In bonded region 441A, a laser hard bond can bond top substrate 460A and bottom substrate 420A together. A third part of bonding layer 442A can disperse into top substrate 460A and bottom substrate 420A, and bonded region 441A can form a seal (e.g., a hermetic seal) between top substrate 460A and bonding layer 442A. In some embodiments, conductive elements of bonding layer 440A can diffuse into top substrate 460A and bottom substrate 420A in bonded region 441A, whereby bonded region 441A may not be conductive. Bonding layer 440A may not form a continuous conductive path (e.g., across bonded region 441A) after the laser hard bonding process. In some embodiments, bonding layer 440A with a hard laser bond can have a resistance greater than or equal to about 10 MΩ across the hard laser bond (e.g., between opposing portions of bonding layer 440A on opposing sides of the laser bond).

In some embodiments, bonded structure 400B can include a top substrate 460B, a bonding layer 440B, and a bottom substrate 420B bonded with bonding layer 440B by a soft laser bond, as shown in FIG. 4B. Bonding layer 440B can include a bonded region 441B and an un-bonded region 445B. Un-bonded region 445B can include a fourth part of bonding layer 446B and a second gap 448B. Second gap 448 B can be formed after top substrate 460B is positioned on bonding layer 440B. The above discussion of first gap 448B can apply to second gap 448B. Second gap 448B can be closed at bonded region 441B to bond top substrate 460B and bottom substrate 420B during a subsequent bonding process. In some embodiments, second gap 448B can have a thickness in a range from about 10 nm to about 100 nm between top substrate 460B and bonding layer 440B.

In bonded region 441B, a soft laser bond can bond top substrate 460B and bottom substrate 420B together. Bonded region 441B can form a seal (e.g., a hermetic seal) between top substrate 460B and bottom substrate 420B. Fifth part of bonding layer 442B can be continuous between top substrate 460B and bottom substrate 420B after the soft laser bonding process. The resistance of bonding layer 440B can have no appreciable change across bonded region 441B after the soft laser bonding process. Bonding layer 440B can have a continuous conductive path (e.g., between opposing portions of bonding layer 440B on opposing sides of the laser bond).
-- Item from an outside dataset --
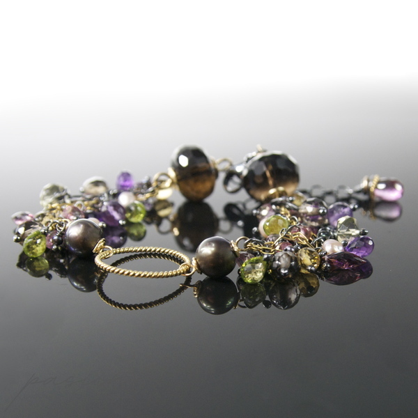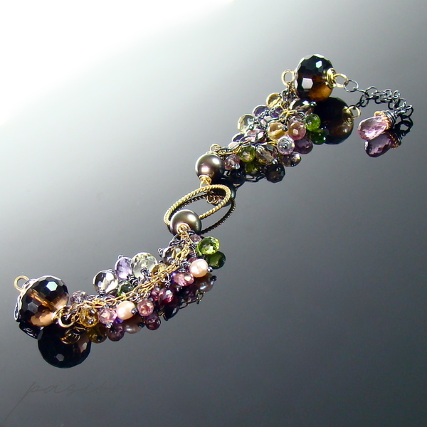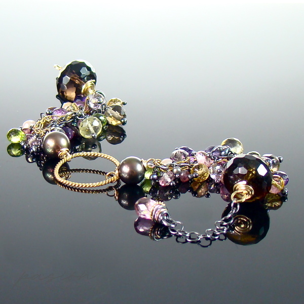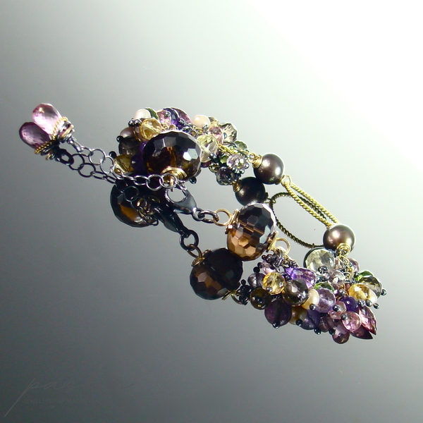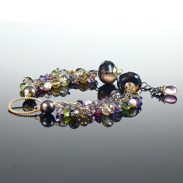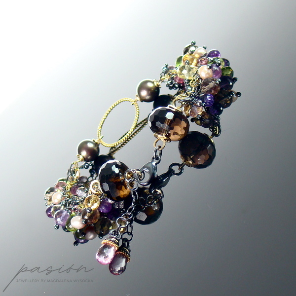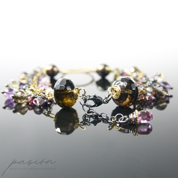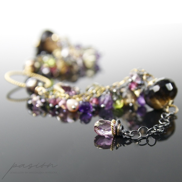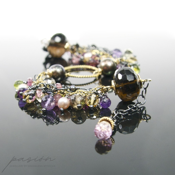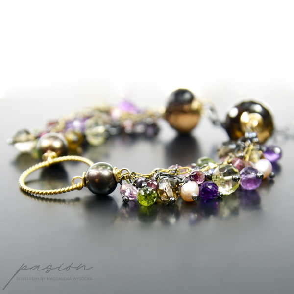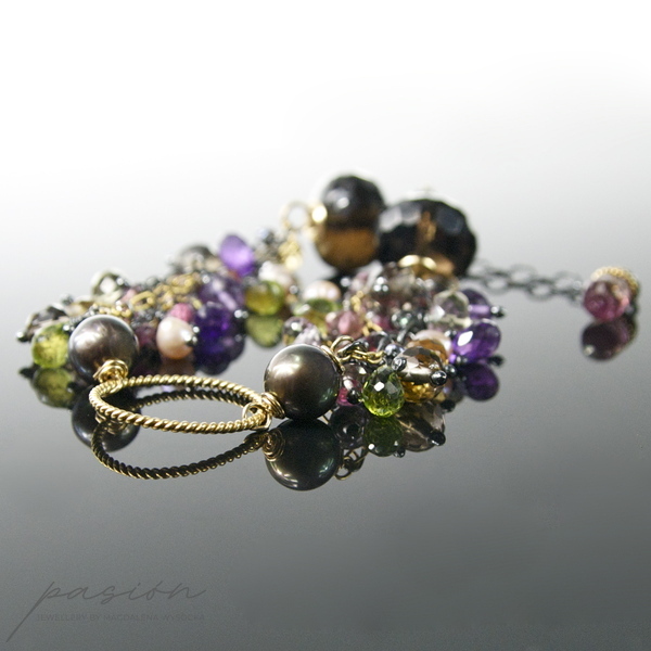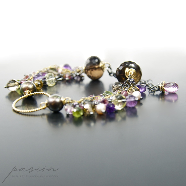 Na trzech łańcuszkach zawisły fasetowane kamienie w odcieniach letnich kwiatów: mistyczne różowe Topazy, Turmaliny, Ametysty fioletowe i lawendowe, Kwarce dymne, Peridoty, lemonkowe Kwarce, Perły słodkowodne w odcieniu "peacock", naturalnie różowe Perły słodkowodne, Cytryny oraz Rodolity. W centralnej części znajduje się spiralnie skręcone koło ze stopu Vermeil (srebro pokryte 24ct złotem).

In some embodiments, bonding layer 440B with the soft bond can have a resistance less than or equal to about 10 kΩ, 20 kΩ, 30 kΩ, 40 kΩ, 50 kΩ, 60 kΩ, 70 kΩ, 80 kΩ, 90 kΩ, or 100 kΩ. In some embodiments, one or more of bonds 134A-C as shown in FIGS. 1-2 can include a soft laser bond to keep a continuous conductive path between both sides of the laser soft bond.
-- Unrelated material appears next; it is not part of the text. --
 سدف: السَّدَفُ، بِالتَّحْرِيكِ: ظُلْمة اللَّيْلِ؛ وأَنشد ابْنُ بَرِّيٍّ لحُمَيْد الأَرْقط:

FIGS. 5A, 5B, and 5C illustrate exemplary top plan views of bond lines 501-541 formed using different laser bonding conditions, according to some embodiments. In some embodiments, pulse energy, marking speed, and/or beam focus of the bonding laser can be determined and/or adjusted to form a hard bond (e.g., electrically isolating bond) or a soft bond (e.g., electrically conductive bond) in continuous bonding layer. An electrically isolating bond can have a resistance greater than or equal to about 10 MΩ across the bond. An electrically conductive bond can have a resistance less than or equal to about 10 kΩ across the bond. A transition bond (e.g., having properties falling between the electrically isolating bond and the electrically conductive bond) can have a resistance between about 10 kΩ and about 10 MΩ across the bond.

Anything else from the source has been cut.